Dua celah keamanan yang mengancam privasi pengguna ditemukan di apport dan systemd-coredump—dua alat penting yang menangani pelaporan crash di sistem operasi Linux seperti Ubuntu, Red Hat Enterprise Linux, dan Fedora. Celah ini ditemukan oleh tim riset keamanan dari Qualys Threat Research Unit (TRU).

Dikenal dengan kode CVE-2025-5054 dan CVE-2025-4598, kedua celah tersebut merupakan jenis race condition—bug yang terjadi karena kesalahan urutan eksekusi—yang dapat dimanfaatkan oleh penyerang lokal untuk mengakses data sensitif dari sistem.

Menurut Saeed Abbasi, manajer produk di Qualys TRU, celah ini memungkinkan penyerang mengeksploitasi program dengan hak akses khusus (SUID) untuk membaca core dump, yang bisa berisi data rahasia.

Apa itu SUID?
SUID (Set User ID) adalah hak akses khusus yang memungkinkan sebuah program dijalankan dengan hak pengguna lain, biasanya root. Artinya, jika program ini crash, data yang terekam bisa sangat sensitif.

Canonical menjelaskan bahwa saat apport menganalisis crash, ia mencoba mendeteksi apakah proses tersebut berjalan dalam container. Jika penyerang berhasil memicu crash pada proses SUID dan cepat menggantinya dengan proses lain di lingkungan berbeda, maka apport bisa keliru dan menyalurkan core dump—berisi data dari proses asli—ke proses pengganti.

Red Hat menilai CVE-2025-4598 sebagai celah dengan tingkat keparahan sedang, karena cukup sulit untuk dieksploitasi. Penyerang harus memiliki akun lokal tak berprivilegi dan berhasil “menang” dalam kondisi race.

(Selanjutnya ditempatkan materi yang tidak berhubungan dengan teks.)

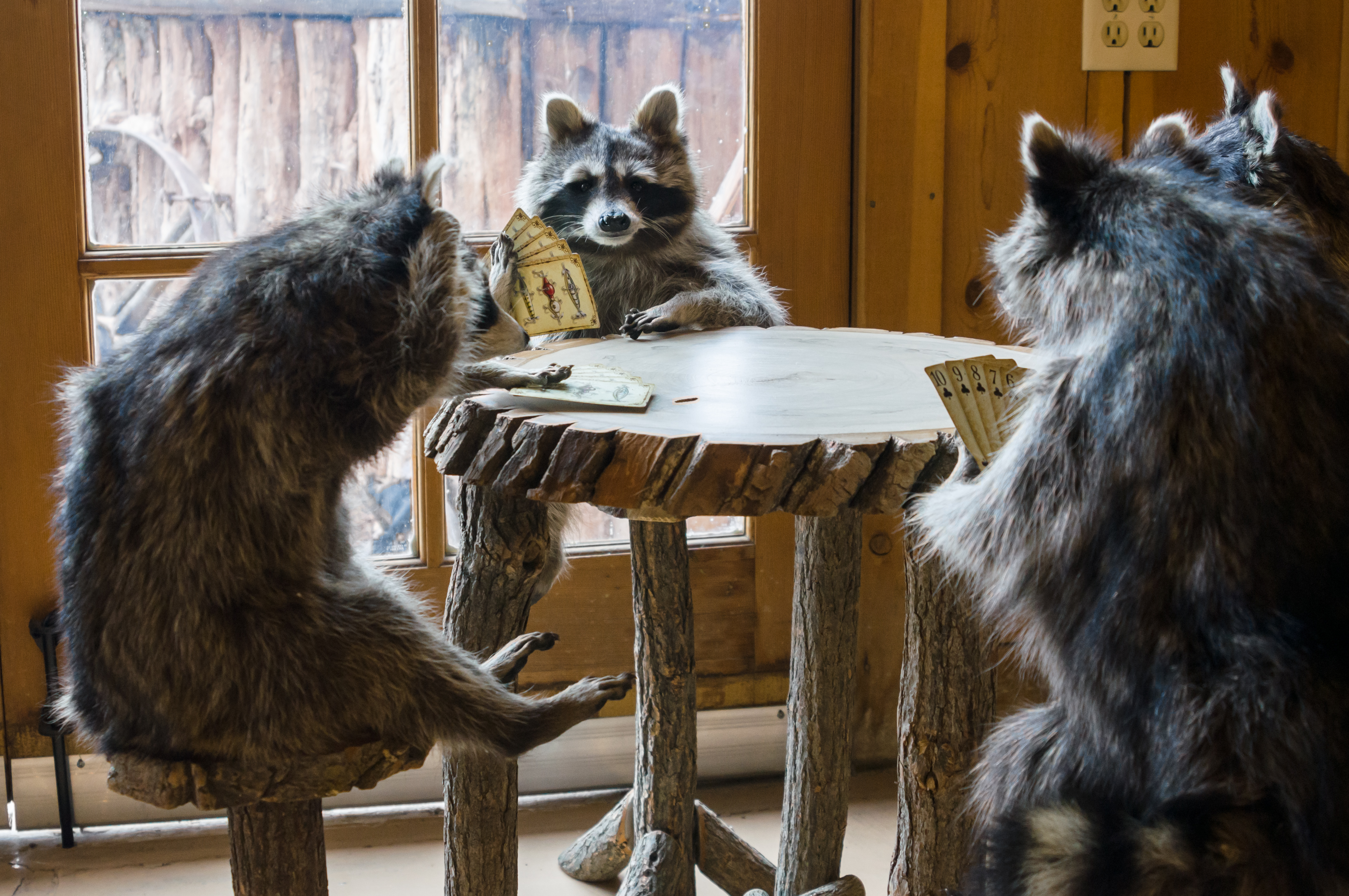 Racoons playing poker at Calvin T's Smoking Gun BBQ, Kanab, Utah

Red Hat menyarankan pengguna menjalankan perintah:

echo 0 > /proc/sys/fs/suid_dumpable

Perintah ini, bila dijalankan oleh root, akan menonaktifkan kemampuan sistem untuk menghasilkan core dump dari program SUID—sehingga mencegah eksploitasi, walaupun dengan konsekuensi kehilangan data debug saat terjadi crash.

Distribusi lain seperti Amazon Linux, Debian, dan Gentoo juga telah menerbitkan peringatan serupa. Menariknya, sistem Debian tidak terdampak CVE-2025-4598 secara default karena tidak menyertakan core dump handler kecuali pengguna memasang systemd-coredump secara manual. Ubuntu pun aman dari celah ini.

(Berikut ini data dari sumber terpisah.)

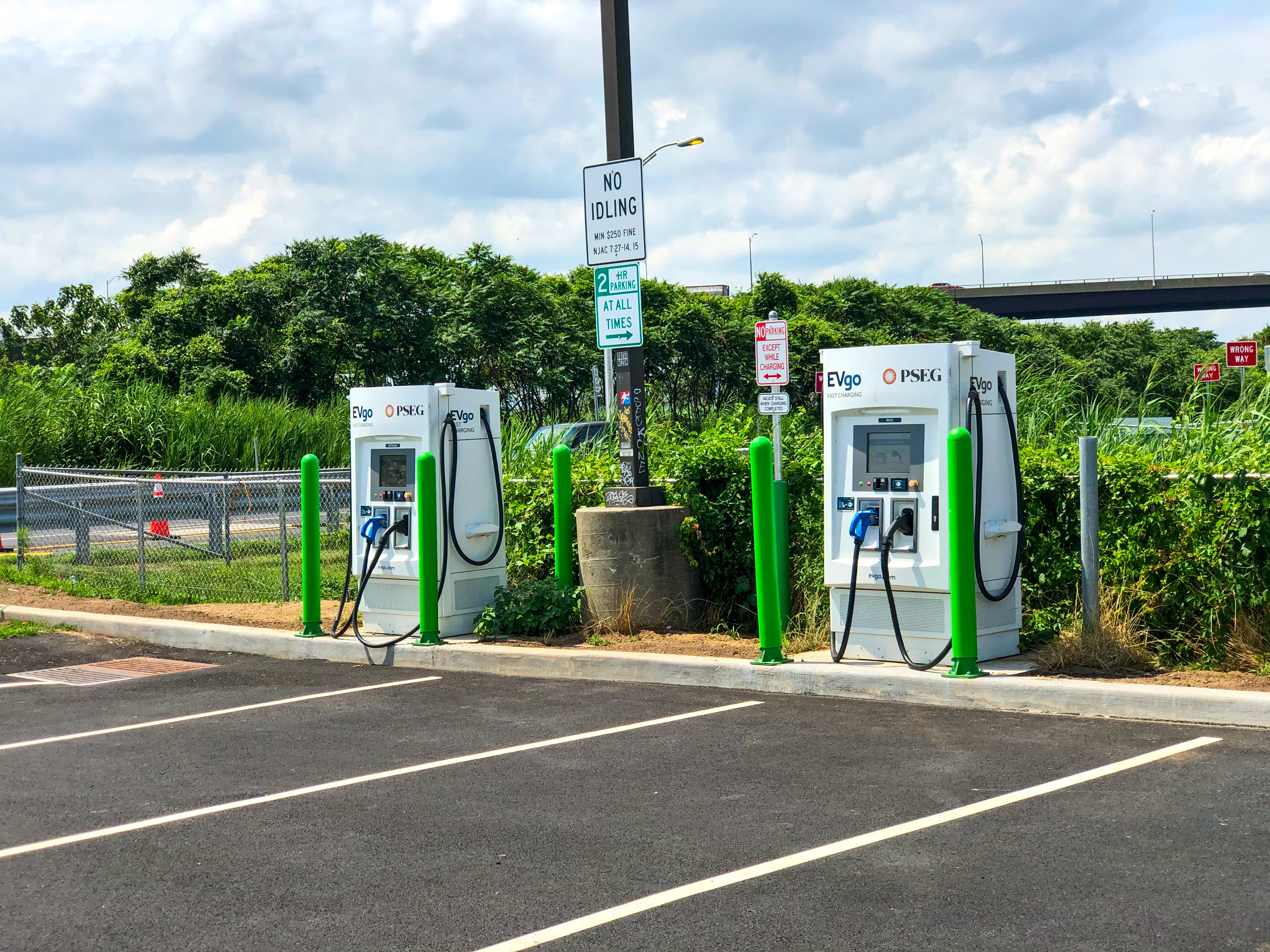 Vincent Lombardi Service Area electric charging station after 2020 renovation

Qualys bahkan merilis kode proof-of-concept (PoC) untuk mendemonstrasikan bagaimana core dump dari proses unix_chkpwd yang crash bisa digunakan untuk mencuri hash password dari file /etc/shadow.

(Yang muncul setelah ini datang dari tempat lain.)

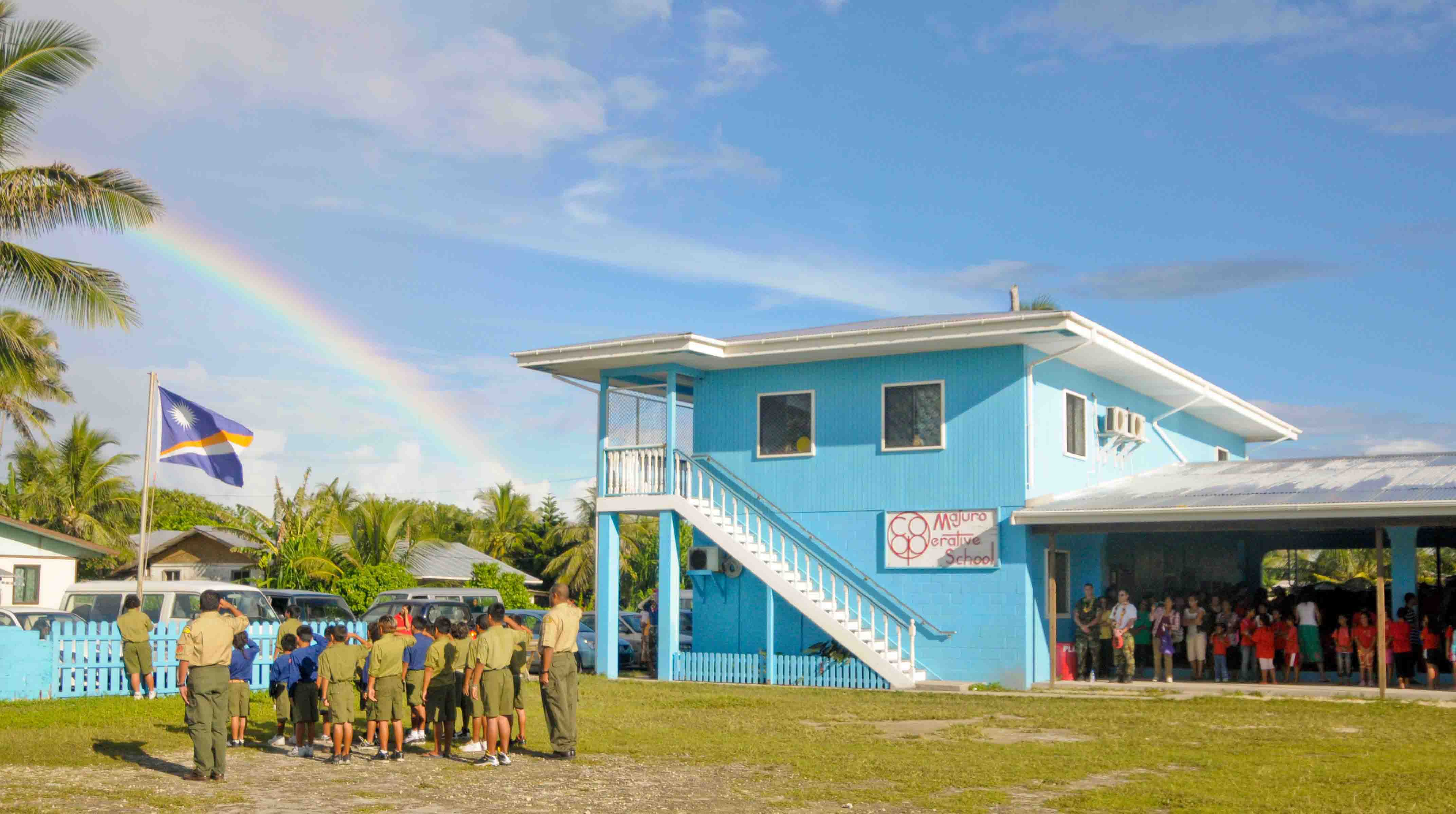 MAJURO, Marshall Islands (Sept. 14, 2009) Students at the Majuro Cooperative School raise the Republic of Marshall Islands flag at a flag raising ceremony during a Pacific Partnership 2009 community service project. Pacific Partnership is a humanitarian and civil assistance mission executing a variety of humanitarian civic action missions in the Pacific Fleet area of responsibility. (U.S. Navy photo by Mass Communication Specialist 2nd Class Joshua Valcarcel/Released)

Canonical menegaskan bahwa dampak CVE-2025-5054 terbatas pada kebocoran memori dari proses SUID yang dijalankan. Meski begitu, kebocoran hash password tetap menjadi risiko yang perlu diwaspadai.

Saeed Abbasi mengingatkan, “Eksploitasi terhadap apport dan systemd-coredump bisa membahayakan kerahasiaan data secara serius—dari password, kunci enkripsi, hingga informasi pelanggan.”

Kerugiannya? Bisa meliputi downtime, kerusakan reputasi, bahkan pelanggaran regulasi. Karena itu, organisasi disarankan segera mengambil langkah proaktif: pasang pembaruan, aktifkan mitigasi, perketat kontrol akses, dan pantau sistem secara menyeluruh.